For the composition of the image group, the natural image with a view similar to the PC images is required. For PC images, freedom of view is supported by controlling the virtual camera’s parameters. However, there are limitations related to capturing a natural image with the desired view. For example, the view and color of a natural image may vary significantly according to capturing environmental conditions, e.g., location, time, and weather. Considering such limitations, it is recommended to acquire natural images together with PC data to match the natural and PC images as closely as possible. The difference between the generated PC and the natural images can be moderated through post-processing techniques, e.g., color calibration.

3.2 Objective Quality Assessment

The processing sequence of the framework for objective VQA goes as follows: (1) generation of PC images from PC data; (2) post-processing by image alignment process; (3) evaluation in terms of objective VQA metrics. To this end, first, PC images are created through the projection of PC data in virtual 3D space. The screen view similarity between the PC image and the corresponding natural image can be increased by adjusting the virtual camera’s parameters during the projection process. In the PC image projected through the virtual camera parameter adjustment it is difficult to accurately reflect the various camera information of the natural image view. In particular, the natural image view may include a wider area, e.g., the background, than the PC image view. The difference in co-located information caused by the discrepancy between the two images can significantly reduce the accuracy of the VQA. However, postprocessing techniques, e.g., image alignment and color calibration, can reduce the differences between images. For postprocessing, the proposed objective PC VQA framework includes an image alignment process (Figure 3).
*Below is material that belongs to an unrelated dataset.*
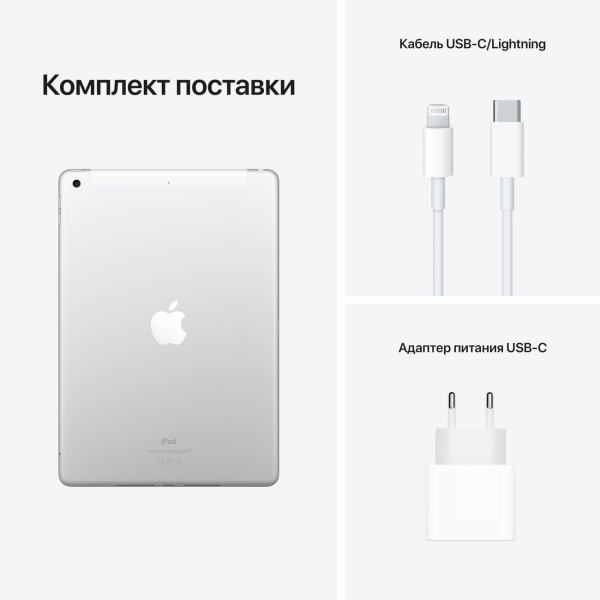 Планшет Apple iPad 10.2 Wi-Fi+Cell — серебристая модель со встроенной памятью 256 Гб и процессором A13 Bionic. 10,2-дюймовый дисплей обладает разрешением 1620х2160 пикселей. В основе его работы лежит матрица IPS. Она обеспечивает широкие углы обзора, высокую контрастность и реалистичную цветопередачу. Есть поддержка Apple Pencil (1 gen.) для тех, кто увлекается графическим дизайном. В качестве операционной системы используется iPadOS. Спутниковая навигация ГЛОНАСС и GPS позволит определить текущее местоположение с точностью до нескольких метров.

The image alignment process, which involves both feature detection and image warping, attempts to increase the matching accuracy of the region of interest (ROI) in the PC image and the corresponding region in the natural image. First, an ROI in the PC image is set. Here, a feature detection algorithm, e.g., scale-invariant feature transform (SIFT) and speed-up robust features (SURF), is employed to increase the detection accuracy of the ROI and a corresponding region [52, 53]. This algorithm is also applied to the entire region of the natural image. Then, the corresponding regions of the two images are determined by matching the features. The corresponding regions may still have geometric differences; thus, the PC image is warped to minimize the mean square difference, which can realize well-matched areas.
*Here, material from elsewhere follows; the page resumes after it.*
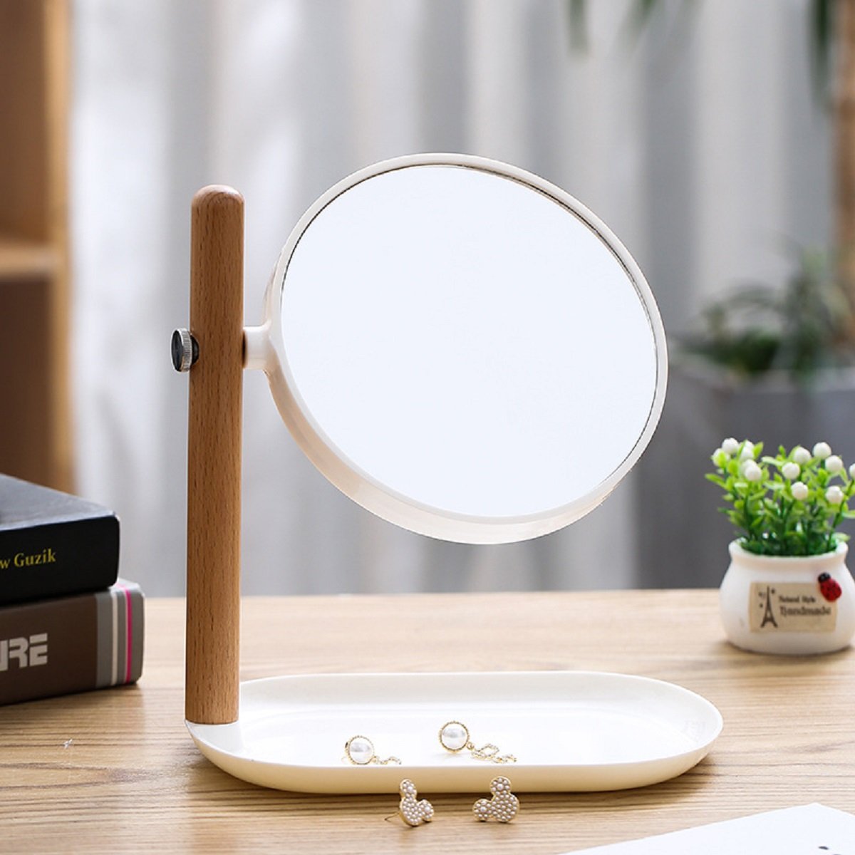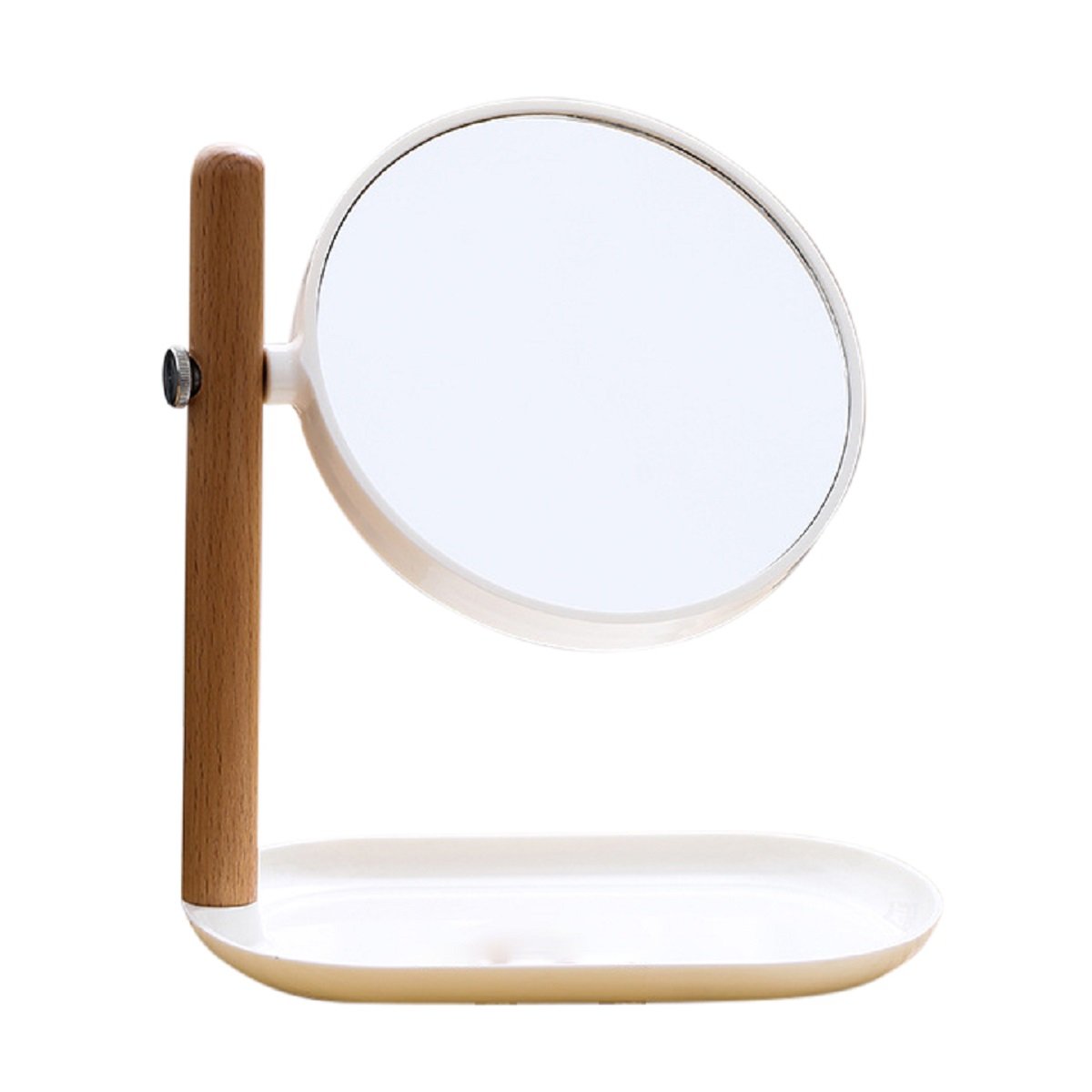 Espejo de pie redondo doble faz con alhajero

When the two images are aligned, the proposed framework measures the quality of the matching images. Image VQA metrics generally interpret image quality as fidelity or similarity with a “reference” or “perfect” image in some perceptual space. Modeling the HVS has been considered the most suitable paradigm to achieve better quality evaluation. A visual signal has different characteristics, e.g., brightness, contrast, frequency components, and interactions between different signal components. The basic premise is that the visual system has different sensitivities depending on which aspects of the signal it perceives. When considering different sensitivities, it is sensible to calculate the strength of the error between the test and reference signals. The FR VQA methods are suitable for achieving consistency in quality evaluations by modeling the salient physiological and visual psychological characteristics of the HVS or measuring signal fidelity [18]. By reflecting the characteristics of the FR VQA, the proposed framework evaluates PC data in virtual space using a natural image captured by a camera, i.e., the reference image.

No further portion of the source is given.